Since the 2008 financial crisis, investors have never been more concerned about global growth prospects. According to a survey carried out by BofA (Bank of America) with fund managers, they increased their cash reserves to the highest level in two years.
Most investors polled between March 4 and 10 — who together manage about $1 trillion in assets — expect a bearish wave in the stock market in 2022, i.e. a 20% drop. % or more of assets from their record highs.
The survey also showed allocations in global equities falling to their lowest levels since May 2020.
Cash levels among investors rose to nearly 6% of their portfolios, while allocations to commodities rose to a record 33%. Hedge funds’ net exposure to equity markets is at its lowest level since April 2020, according to the survey.

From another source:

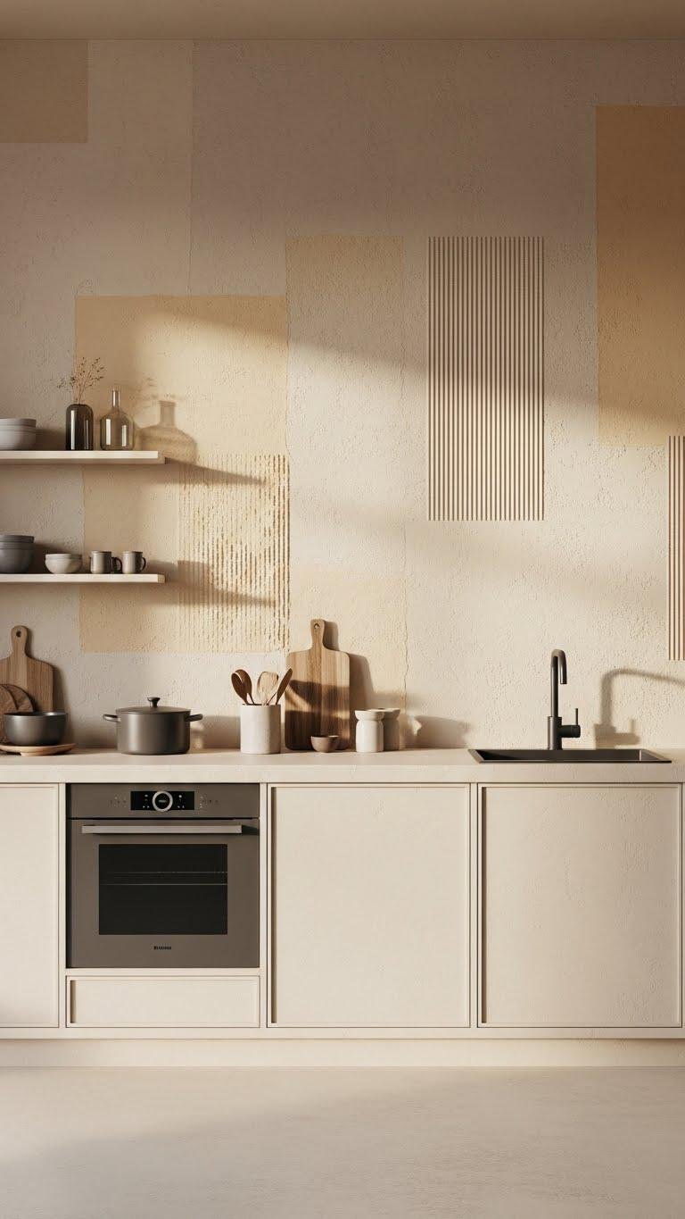 Wondering how to make your kitchen feel cozy without overwhelming it? Choose a warm minimalist textured accent wall using textured plaster in warm neutrals to add depth without clutter.

According to the investment bank, the most sought after positions are long oil/commodities, followed by technology and ESG stocks (acronym for good environmental, social and governance practices). Nearly half of investors polled expect oil to produce the best returns in 2022.
The European edition of the monthly fund managers survey provided a grim reading, with investors reducing their growth prospects for Europe in response to Russia’s invasion of Ukraine.
A full 69% of respondents expect the European economy to weaken next year, the highest proportion since 2011. The 81 percentage point difference from the 12% in February who still expected to see growth marks the biggest monthly drop since records began. of BoFA started in 1994.
Investors also slightly raised their expectations for the number of rate hikes by the Fed in 2022, even after liquidity conditions worsened considerably to the lowest level since the coronavirus pandemic hit. financial markets in March and April 2020.